愛麗絲菲爾仰起頭來,可能是沒想到阿爾托莉雅會主動詢問,她的眼睛睜得大大的。
“呀,Saber你等不及了嗎?說的也是呢,畢竟是堂堂正正的騎士之王,也是很渴望和別的敵人正麵決勝負的吧。對不起呢Saber,因為還有一件很重要的事情沒有完成,所以還不能離開這裏。”
阿爾托莉雅眉頭一皺。
“重要的事情……?”
“嗯,是關於我在作為小聖杯吸收了靈魂後防止在戰場上停止技能的保險措施……啊。”似乎是並不想讓阿爾托莉雅知道的東西,愛麗絲菲爾在察覺自己說漏嘴了之後立馬停止了說話。但說出來的話就像是潑出來的水,阿爾托莉雅已經不帶偏差地聽見了。她的表情明顯發生了變化。
詳細地說,就是從平常的表情,變成了審問般的嚴肅表情。
“愛麗,你沒有告知過我相關的東西,是在隱瞞著我嗎?我尊重禦主有屬於自己的秘密,但是你剛才說的事情是我絕對不能當做沒聽見的事情。”
阿爾托莉雅離開床邊,向愛麗絲菲爾靠近了過來,問道。愛麗絲菲爾隻得麵露苦澀,強作微笑地回答她:
“不……抱歉,Saber,隻是不想讓你產生多餘的擔心才沒有告訴你詳情而已。真的很抱歉,但這也是爺爺的命令,我必須要這麼做。所以才沒有告訴你保險措施的製造……”
“我不是說的這個。”
阿爾托莉雅搖頭打斷愛麗絲菲爾的解釋。
“我問的是,‘作為小聖杯吸收靈魂’是怎麼一回事?”
她是不知道這件事的。在愛麗絲菲爾說漏嘴之前,她甚至還一直想著一定要拿回那黃金的神聖之杯捧給讓她的第二人生充滿了喜悅和舒心的愛麗絲菲爾,堅信著聖杯是那樣的東西。
“……”
愛麗絲菲爾說不出話來了,她對自己缺乏防備的思維程序開始自省,也明白已經沒法把這件事瞞下去了。
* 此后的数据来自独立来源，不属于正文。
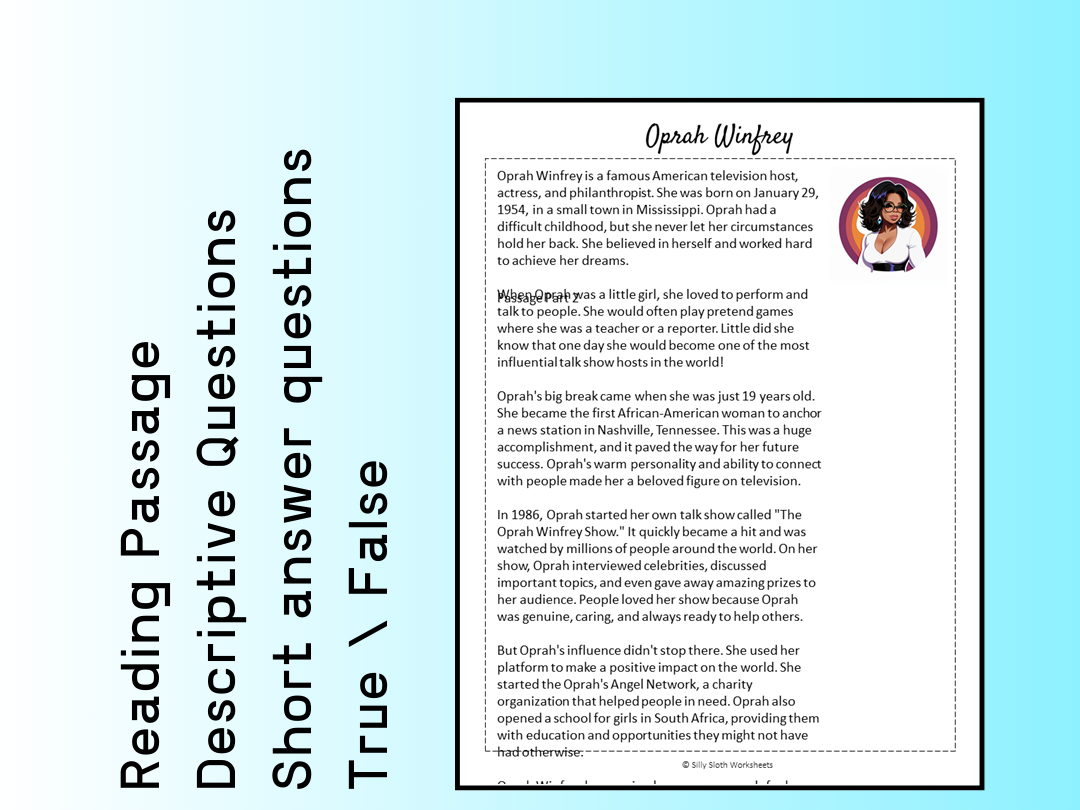 The worksheet includes a variety of reading passages about Oprah Winfrey, followed by comprehension questions to test students’ understanding. From her humble beginnings to her successful career in media and philanthropy, students will learn about Oprah’s journey to success and the obstacles she overcame along the way.

“……Saber,你知道的吧?聖杯戰爭是由三家發起的東西,召喚從者的係統也是由三家設定出來的。但無意識的聖杯是無法控製住戰敗後的從者的靈魂的,所以就需要一個用來穩定從者靈魂、作為聖杯開關的東西……與聖杯本身‘大聖杯’呼應,那個就叫作‘小聖杯’,也就是我哦……或者說,是我的心髒。每吸收一個靈魂,我就必須要將身體的部分功能挪去固定住靈魂;當搜集到的敗北的靈魂達到一定數量後,我作為人類的機能就會損失甚至停止。你明白了吧,Saber?所以在那之後我就需要一個人來幫我繼續擔任禦主的職務了呢。”
“什……”
愛麗絲菲爾仍然隱瞞了某些非常重要的東西,但她沒有撒謊,十分巧妙地,像是要故意讓人產生誤解而使用了先前已經使下的欺騙也能合情合理地解釋的說法。她不是有意要隱瞞,隻不過是她天生就被輸入了如此的應對方式而已。
而阿爾托莉雅也馬上便相信了她的話。
——她知道了名為“小聖杯”的存在。
她的嘴巴因驚訝而微微張開。
“既然讓Saber知道了,那就必須要帶你去見見那孩子了。”
愛麗絲菲爾苦笑著。
“那孩子……?”
“嗯,就是還沒有完成的,我在作為人類的機能停止後代我行動的那個孩子。”
說著,愛麗絲菲爾從椅子上站了起來。
“跟著我來吧,Saber,那孩子現在……應該還睡得很香。”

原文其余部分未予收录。